> [Provided data]

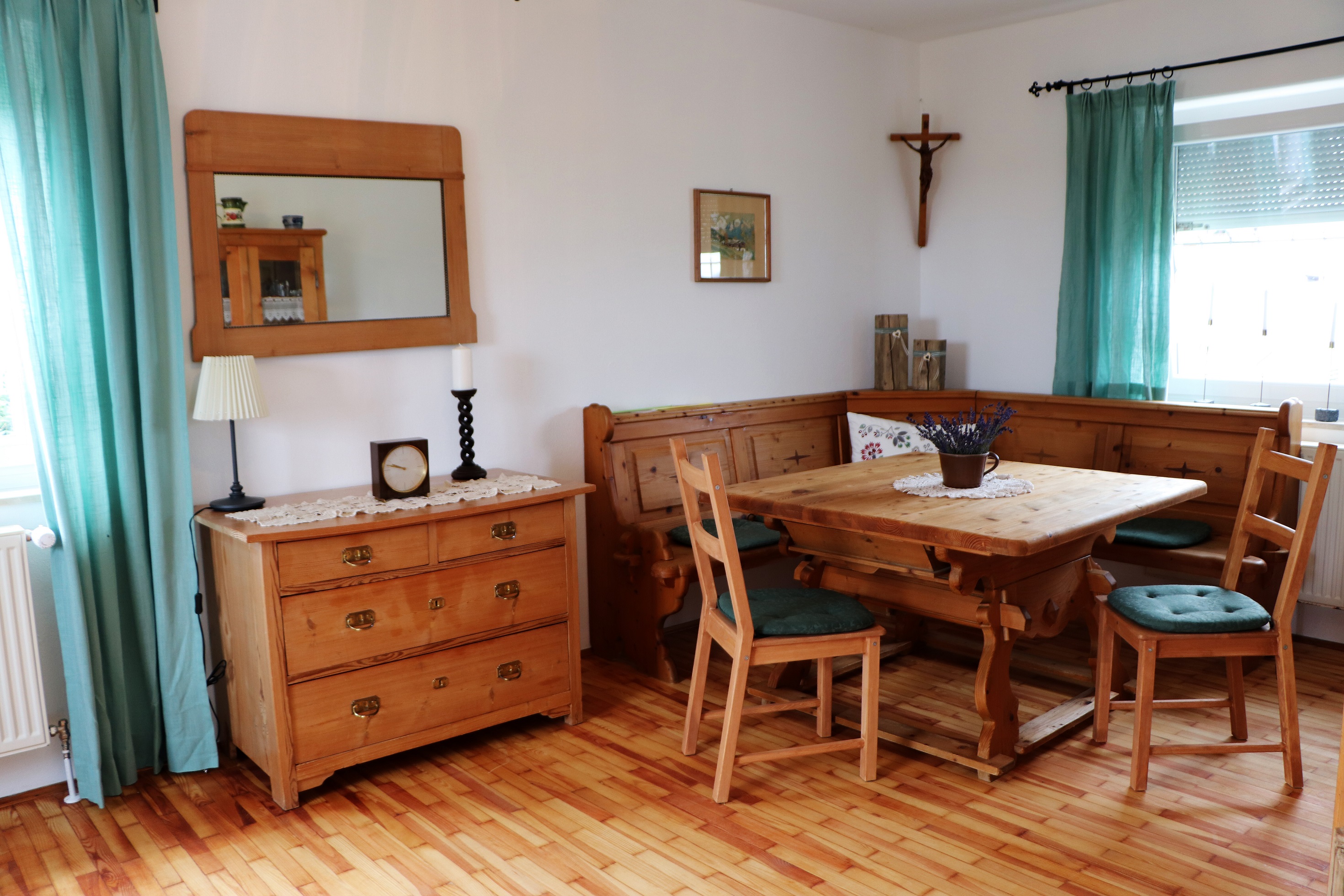 Die gemütlichen Wohnräume liegen Parterre und sind über wenige Eingansstufen erreichbar. Das 80qm große Fuchsheisl verfügt über 2 Schlafzimmer mit Doppel- und Einzelbetten, eine Schlafcouch, ein Tageslichtbad mit Dusche und WC sowie eine gemütliche Essecke. In der separaten, voll eingerichteten Küche stehen Ihnen Toaster, Kaffeemaschine und Backofen zur Verfügung. Im Wohnbereich gibt es Satelliten-TV.
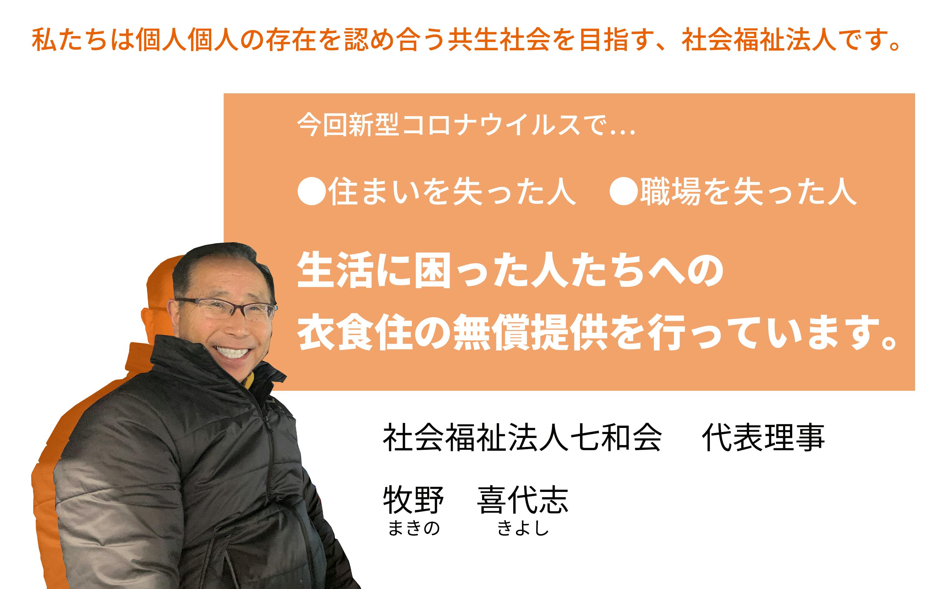 私は社会福祉法⼈七和会で理事⻑をしております牧野喜代志と申します。
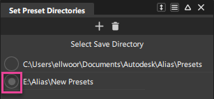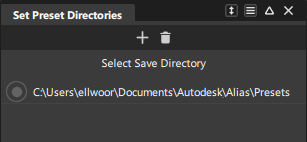 预设将在指定预设目录中保存为 .hprest 文件。默认情况下,指定的目录位于以下位置:C:\Users\username\Autodesk\Alias\Presets
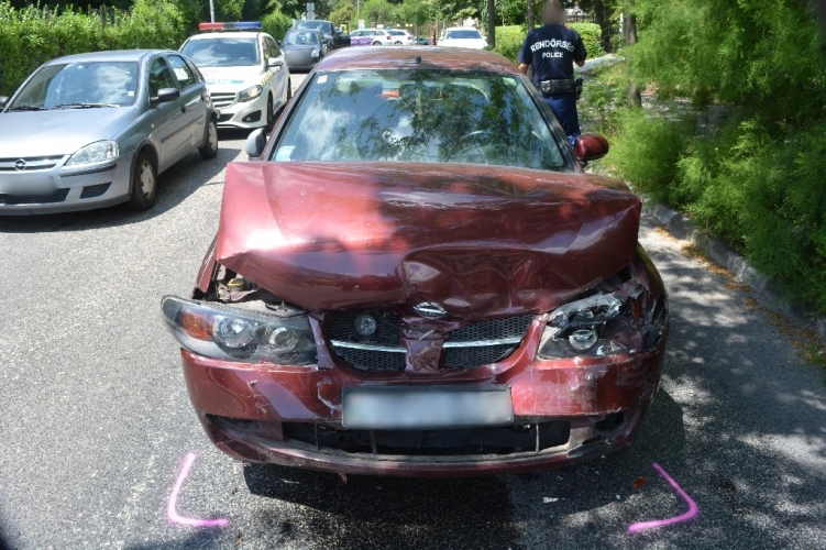 A fenti képen az egyik balesetben összetört autó látható. Három autó ütközött össze 2021. július 3-án 11 óra 40 perc körül Budapest XII. kerületében, a Szendi árok 7. számnál. Ebben a balesetben egy ember sérült meg könnyebben.

> [What this task involves] Since the pictures are not wanted, transcribe the rest of the listing above exactly.

> [Finished task]
 Die gemütlichen Wohnräume liegen Parterre und sind über wenige Eingansstufen erreichbar. Das 80qm große Fuchsheisl verfügt über 2 Schlafzimmer mit Doppel- und Einzelbetten, eine Schlafcouch, ein Tageslichtbad mit Dusche und WC sowie eine gemütliche Essecke. In der separaten, voll eingerichteten Küche stehen Ihnen Toaster, Kaffeemaschine und Backofen zur Verfügung. Im Wohnbereich gibt es Satelliten-TV.
 私は社会福祉法⼈七和会で理事⻑をしております牧野喜代志と申します。
 预设将在指定预设目录中保存为 .hprest 文件。默认情况下,指定的目录位于以下位置:C:\Users\username\Autodesk\Alias\Presets
 A fenti képen az egyik balesetben összetört autó látható. Három autó ütközött össze 2021. július 3-án 11 óra 40 perc körül Budapest XII. kerületében, a Szendi árok 7. számnál. Ebben a balesetben egy ember sérült meg könnyebben.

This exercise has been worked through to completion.